Eli Bendersky has written a short overview article about Pythons _ast module which is supposed to make working with parse trees simpler by transforming them into other trees i.e. abstract syntax trees.

In this article I want to talk a bit about my reservations against this approach which is mostly justified by common wisdom, “convenience” and what not. IMO AST’s are a stumbling stone in the advancement of language front ends and you can do many things elegantly and more generic without them. They are there for a reason though and it is not easy to see immediately why you better get away with plain old concrete syntax trees ( CSTs ).

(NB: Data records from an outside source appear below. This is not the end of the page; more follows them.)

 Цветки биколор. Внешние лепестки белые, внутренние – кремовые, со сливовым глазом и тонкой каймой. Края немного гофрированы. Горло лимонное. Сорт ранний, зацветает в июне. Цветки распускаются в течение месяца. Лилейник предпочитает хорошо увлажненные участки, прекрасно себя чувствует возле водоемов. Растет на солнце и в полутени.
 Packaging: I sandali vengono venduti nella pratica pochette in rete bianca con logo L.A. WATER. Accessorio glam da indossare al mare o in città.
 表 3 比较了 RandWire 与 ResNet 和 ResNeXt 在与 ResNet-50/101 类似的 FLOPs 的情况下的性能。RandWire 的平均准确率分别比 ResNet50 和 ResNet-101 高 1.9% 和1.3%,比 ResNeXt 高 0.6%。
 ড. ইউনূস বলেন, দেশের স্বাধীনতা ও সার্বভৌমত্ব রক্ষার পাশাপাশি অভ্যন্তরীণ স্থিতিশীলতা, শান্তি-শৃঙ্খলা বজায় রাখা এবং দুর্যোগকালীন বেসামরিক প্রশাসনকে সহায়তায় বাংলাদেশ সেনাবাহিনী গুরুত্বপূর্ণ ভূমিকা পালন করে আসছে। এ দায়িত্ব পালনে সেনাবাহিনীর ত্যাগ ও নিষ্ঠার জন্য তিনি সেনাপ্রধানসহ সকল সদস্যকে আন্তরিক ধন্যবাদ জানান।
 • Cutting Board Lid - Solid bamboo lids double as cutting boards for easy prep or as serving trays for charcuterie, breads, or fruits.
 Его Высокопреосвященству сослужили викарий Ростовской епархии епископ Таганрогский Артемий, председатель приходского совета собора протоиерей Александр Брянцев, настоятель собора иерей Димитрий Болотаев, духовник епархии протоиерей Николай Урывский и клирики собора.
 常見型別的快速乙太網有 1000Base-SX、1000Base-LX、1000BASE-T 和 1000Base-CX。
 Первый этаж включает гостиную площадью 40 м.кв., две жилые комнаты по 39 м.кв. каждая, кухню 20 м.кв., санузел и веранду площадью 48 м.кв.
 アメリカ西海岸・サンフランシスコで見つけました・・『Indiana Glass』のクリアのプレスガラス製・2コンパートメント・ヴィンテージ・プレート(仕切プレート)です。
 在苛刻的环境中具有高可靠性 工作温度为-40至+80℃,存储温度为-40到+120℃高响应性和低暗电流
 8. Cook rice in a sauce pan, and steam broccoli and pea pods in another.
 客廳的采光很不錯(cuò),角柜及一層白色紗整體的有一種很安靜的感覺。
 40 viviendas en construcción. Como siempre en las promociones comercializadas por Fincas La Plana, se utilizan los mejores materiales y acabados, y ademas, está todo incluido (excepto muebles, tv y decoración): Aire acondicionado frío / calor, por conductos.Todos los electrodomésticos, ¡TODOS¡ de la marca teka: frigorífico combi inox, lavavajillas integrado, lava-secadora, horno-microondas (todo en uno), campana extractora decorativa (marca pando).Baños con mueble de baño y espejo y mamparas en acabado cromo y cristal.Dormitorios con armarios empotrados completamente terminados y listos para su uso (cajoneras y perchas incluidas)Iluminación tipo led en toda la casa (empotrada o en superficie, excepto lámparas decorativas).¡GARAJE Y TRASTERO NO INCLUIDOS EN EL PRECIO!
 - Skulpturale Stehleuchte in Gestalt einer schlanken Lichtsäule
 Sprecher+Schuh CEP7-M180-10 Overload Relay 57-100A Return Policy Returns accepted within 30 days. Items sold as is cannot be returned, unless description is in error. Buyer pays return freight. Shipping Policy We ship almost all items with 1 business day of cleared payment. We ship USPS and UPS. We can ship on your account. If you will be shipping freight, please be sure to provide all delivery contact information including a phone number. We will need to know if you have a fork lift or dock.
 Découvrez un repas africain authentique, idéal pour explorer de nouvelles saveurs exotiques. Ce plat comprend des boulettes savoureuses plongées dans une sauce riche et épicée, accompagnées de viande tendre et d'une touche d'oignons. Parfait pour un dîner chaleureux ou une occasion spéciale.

There are two major reasons I love CSTs.

  1. Parse trees are unambiguously represented by a grammar. So once you know the grammar you also no how to find and arrange nodes. For context free languages the grammar contains all syntactical information you’ll ever need.
  2. The reversion to source code is trivial. Just traverse the parse tree inorder, visit the leaf nodes containing terminals and concatenate their string content. Only whitespace has to be inserted.
  3. For parsing purposes grammars are translated into finite state machines. Those machines can also be used for non-parsing purposes like parse tree interpolation which provides most of the benefits of ASTs but won’t cause any additional translation overhead.

I assume 1. and 2. won’t tell anything new to the reader and it might be 3. which might contain novel information. The major argument can be summarized using the following diagram

A grammar gives rise to a number of finite state machines – in fact one machine for one grammar rule. Not only are those machines used to parse source code into CSTs but they can also be used to operate on them. In particular they are used to

  • check correctness of CSTs under transformations
  • connect individual CST nodes through sequences of other CST nodes ( interpolation ).
  • insert CST nodes into sequences of CSTs nodes which make up the content of a particular CST node (autocompletion)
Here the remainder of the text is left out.